Task prompt:
When the line with "Spread positivity with" turns up below, begin repeating exactly, and carry on through the line with "The compasses provided"; no pictures go into the copy.

Record extracts:
....
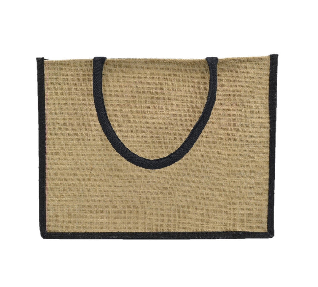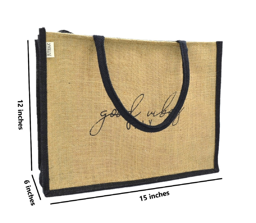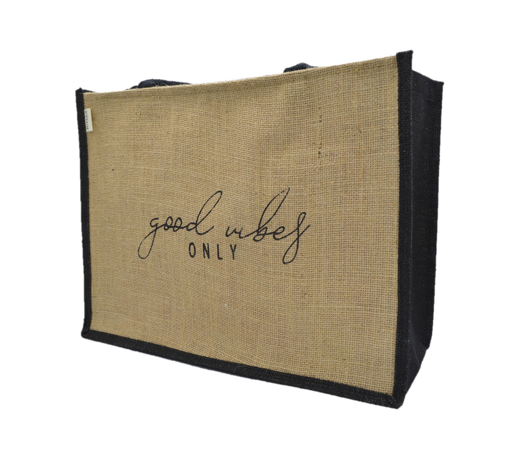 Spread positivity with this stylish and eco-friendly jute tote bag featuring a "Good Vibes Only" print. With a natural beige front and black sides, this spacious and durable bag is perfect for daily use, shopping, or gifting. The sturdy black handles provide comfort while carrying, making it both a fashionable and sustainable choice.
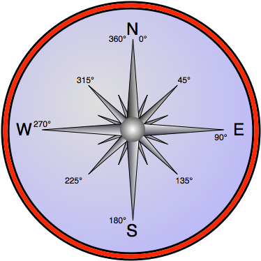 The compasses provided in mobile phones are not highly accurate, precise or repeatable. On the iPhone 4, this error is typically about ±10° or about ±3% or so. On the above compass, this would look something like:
....
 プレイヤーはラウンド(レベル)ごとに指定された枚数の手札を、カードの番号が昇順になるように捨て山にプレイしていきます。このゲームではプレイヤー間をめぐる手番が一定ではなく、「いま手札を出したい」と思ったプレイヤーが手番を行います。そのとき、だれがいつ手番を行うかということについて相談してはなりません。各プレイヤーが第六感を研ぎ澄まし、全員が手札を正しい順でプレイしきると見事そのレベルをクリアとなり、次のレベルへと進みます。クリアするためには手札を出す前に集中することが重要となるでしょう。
....
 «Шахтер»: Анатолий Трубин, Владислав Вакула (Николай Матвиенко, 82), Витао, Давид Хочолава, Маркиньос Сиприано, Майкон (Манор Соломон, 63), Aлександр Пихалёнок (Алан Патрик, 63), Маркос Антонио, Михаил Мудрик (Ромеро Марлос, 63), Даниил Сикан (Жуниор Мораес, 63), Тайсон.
....
Result of the exercise:
 Spread positivity with this stylish and eco-friendly jute tote bag featuring a "Good Vibes Only" print. With a natural beige front and black sides, this spacious and durable bag is perfect for daily use, shopping, or gifting. The sturdy black handles provide comfort while carrying, making it both a fashionable and sustainable choice.
 The compasses provided in mobile phones are not highly accurate, precise or repeatable. On the iPhone 4, this error is typically about ±10° or about ±3% or so. On the above compass, this would look something like:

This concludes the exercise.